[Provided data Boundary: Start]

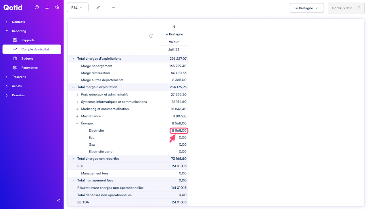 Lorsque vous êtes sur le module "Compte de résultat" vous pouvez écrire des commentaires sur les rubriques de votre reporting. Pour cela, il suffit de cliquer sur le montant que vous souhaitez commenter.
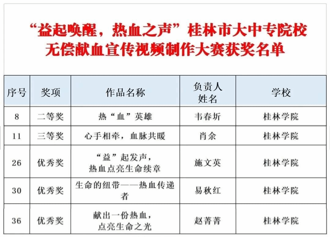 近日,由桂林市卫生健康委员会、桂林市红十字会、共青团桂林市委员会主办,桂林市中心血站、桂林理工大学承办的“益起唤醒,热血之声”桂林市大中专院校无偿献血宣传视频制作大赛获奖名单公布。我校学生作品《热“血”英雄》在此次大赛中荣获二等奖,作品《心手相牵,血脉共暖》荣获三等奖,作品《“益”起发声,热血点亮生命续章》《生命的纽带——热血传递者》《献出一份热血,点亮生命之光》荣获优秀奖。
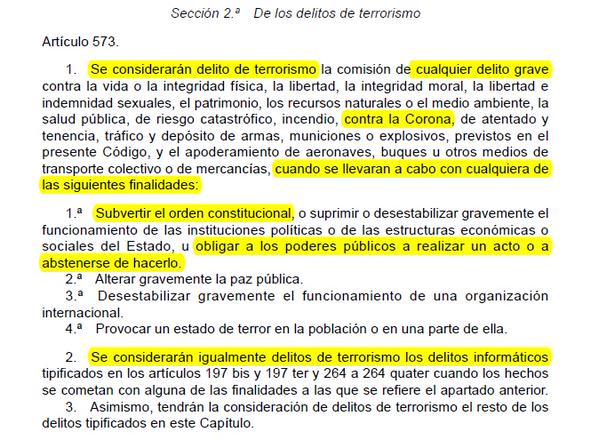 Aparte de eso, han hecho público un fragmento de nuestra constitución en la cual se puede ver como si está considerado como terrorismo. Se puede leer en el fragmento que os vamos a dejar debajo de estas frases, como se considera delito de terrorismo todo lo referido a un ataque contra la vida o la integridad física de la corona – entre otros-, así como su libertad o integridad moral.
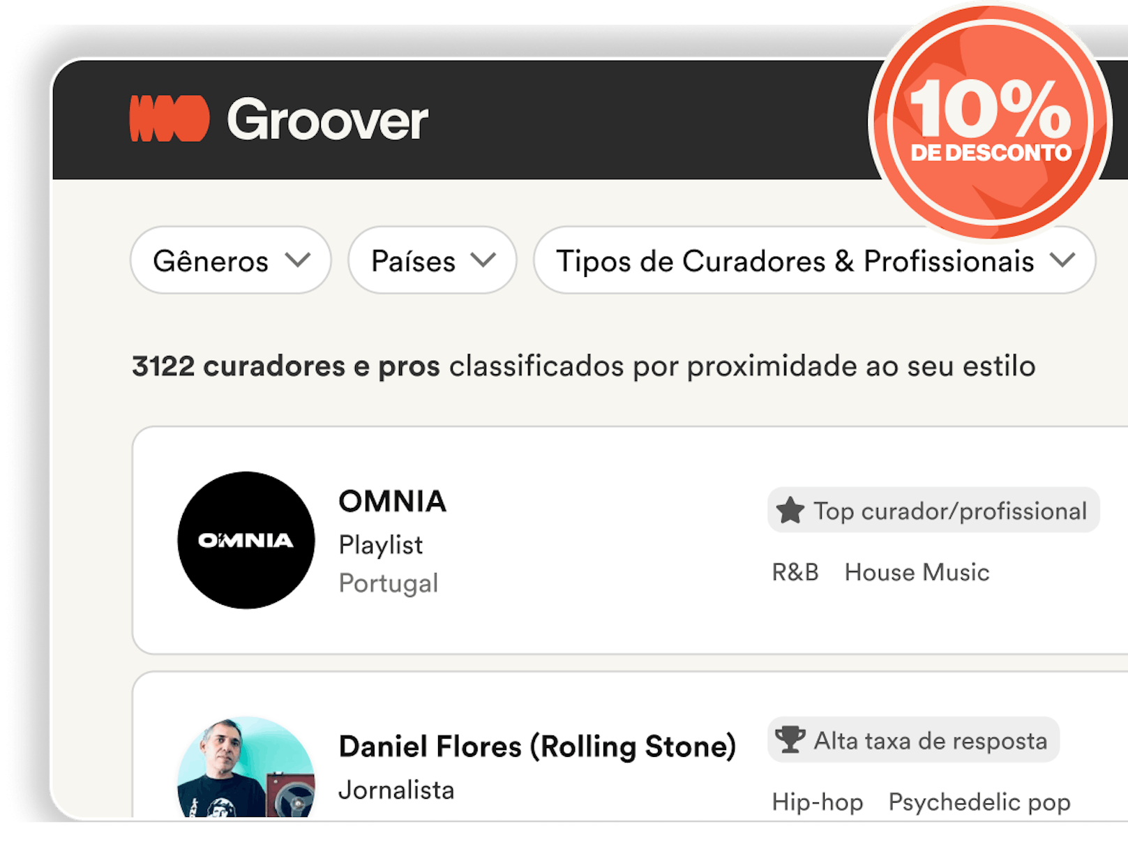Groover conecta artistas com mais de 3.000 curadores de música verificados, criadores de playlists, gravadoras e profissionais da indústria. Escolha quem quer contatar, envie sua música e receba um feedback garantido por escrito ou seu crédito de volta.
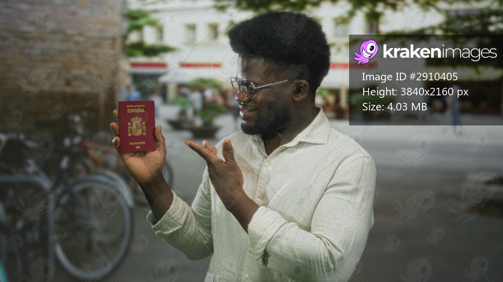 Man wearing glasses holds spanish passport in his right hand and points finger to passport while smiling on a city street with bicycles; travel pride.
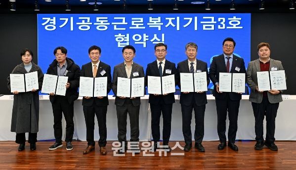 (원투원뉴스) 의정부시는 2월 24일 의정부문화역 이음에서 경기도, 고용노동부 의정부지청, 경기북부상공회의소 및 참여 기업 노‧사 대표 등 60여 명이 참석한 가운데 ‘경기공동근로복지기금 3호’ 조성을 위한 업무협약을 체결했다.
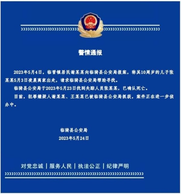 5月24日,山西临猗县公安局通报:5月4日,临晋镇居民谢某某向临猗县公安局报案,称其10周岁的儿子张某某5月3日凌晨离家出走,请求临猗县公安局帮助寻找。临猗县公安局于2023年5月23日找到失踪人员张某某,已确认死亡。目前,犯罪嫌疑人谢某某、王某某已被临猗县公安局抓获,案件正在进一步侦办中。
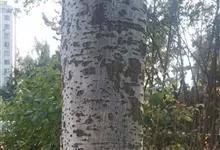 毛白杨是杨柳科、杨属植物。乔木,高达30米。树皮幼时暗灰色。侧枝开展,雄株斜上,老树枝下垂;小枝初被灰毡毛,后光滑。芽卵形,花芽卵圆形或近球形,微被毡毛。叶柄上部侧扁,长3-7厘米。…全部>>
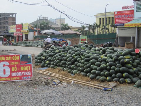 - Hơn 1 tháng nay, tại đoạn đường Hồ Tùng Mậu - Cầu Giấy (Hà Nội) xuất hiện tình trạng bày bán dưa hấu “Made in Sài Gòn” tràn lan ngay tại lòng đường đang thi công.
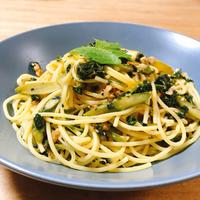 今回は1.6mmのスパゲティを使用しました。オリーブオイル、パセリ、くるみをミキサーにかけるとパセリのジェノバソースを簡単に作ることも可能です。その際、オリーブオイルや塩の量はお好みで調節してください。
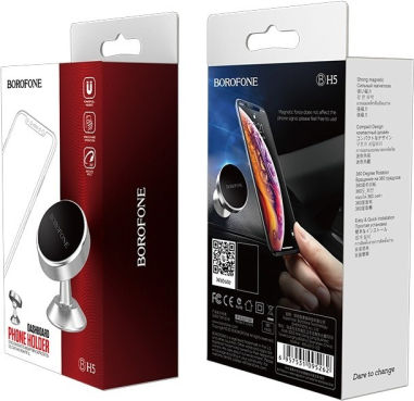 Aвтомобильный держатель телефона Borofone BH5 Platinum, крепится на панель приборов, магнитный
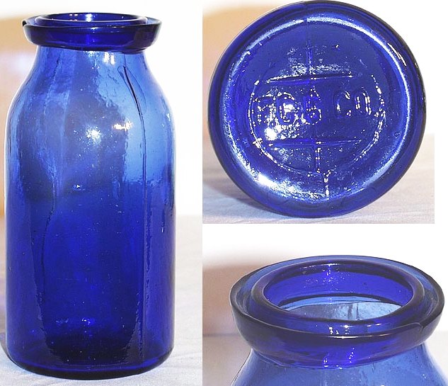 Their product most well-known to collectors would probably be the wax sealer fruit jar which is extremely scarce in a vibrant cobalt blue glass. (Another very scarce bottle made in a strong cobalt blue glass is the Hutchinson-style or “Hutch” soda bottle embossed “Geo Disbro /  & Co / Chicago” on the front.  The “F.C.G.CO.” marking appears along the lower heel).
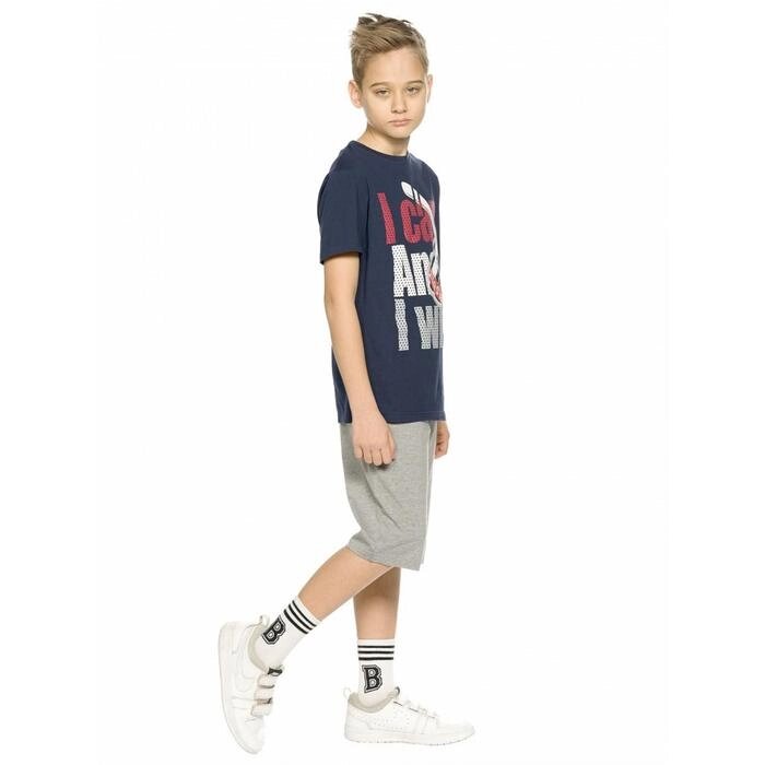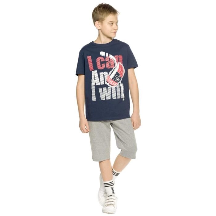 Комплект из футболки и бриджей для мальчиков, рост 134 см, цвет тёмно-синий
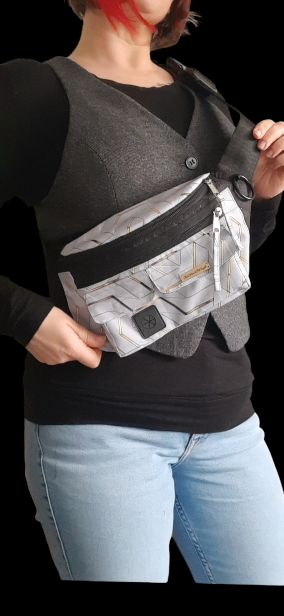 SZARE PANELE Nerka Spacerowa to funkcjonalny i bardzo praktyczny model dedykowany wszystkim właścicielom psów. Idealne rozwiązanie na szkolenia czy spacery – nawet te bardzo długie. Wykonana z wytrzymałych i wodoodpornych tkanin, odpornych na przetarcia oraz rozciąganie, dzięki czemu posłuży bardzo długo. Wnętrze w kolorze czarnym ( również wodoodporne). Saszetka posiada szeroki pasek i dwa regulatory, co powoduje idealne dopasowanie do swoich potrzeb. Można ją nosić na biodrach lub przełożyć przez ramię na skos.

[Provided data Boundary: End]

# The problem:
Copy every line exactly, from the opening line of the entries down to the line holding "Man wearing glasses", and keep the pictures out.

# Result below:
 Lorsque vous êtes sur le module "Compte de résultat" vous pouvez écrire des commentaires sur les rubriques de votre reporting. Pour cela, il suffit de cliquer sur le montant que vous souhaitez commenter.
 近日,由桂林市卫生健康委员会、桂林市红十字会、共青团桂林市委员会主办,桂林市中心血站、桂林理工大学承办的“益起唤醒,热血之声”桂林市大中专院校无偿献血宣传视频制作大赛获奖名单公布。我校学生作品《热“血”英雄》在此次大赛中荣获二等奖,作品《心手相牵,血脉共暖》荣获三等奖,作品《“益”起发声,热血点亮生命续章》《生命的纽带——热血传递者》《献出一份热血,点亮生命之光》荣获优秀奖。
 Aparte de eso, han hecho público un fragmento de nuestra constitución en la cual se puede ver como si está considerado como terrorismo. Se puede leer en el fragmento que os vamos a dejar debajo de estas frases, como se considera delito de terrorismo todo lo referido a un ataque contra la vida o la integridad física de la corona – entre otros-, así como su libertad o integridad moral.
Groover conecta artistas com mais de 3.000 curadores de música verificados, criadores de playlists, gravadoras e profissionais da indústria. Escolha quem quer contatar, envie sua música e receba um feedback garantido por escrito ou seu crédito de volta.
 Man wearing glasses holds spanish passport in his right hand and points finger to passport while smiling on a city street with bicycles; travel pride.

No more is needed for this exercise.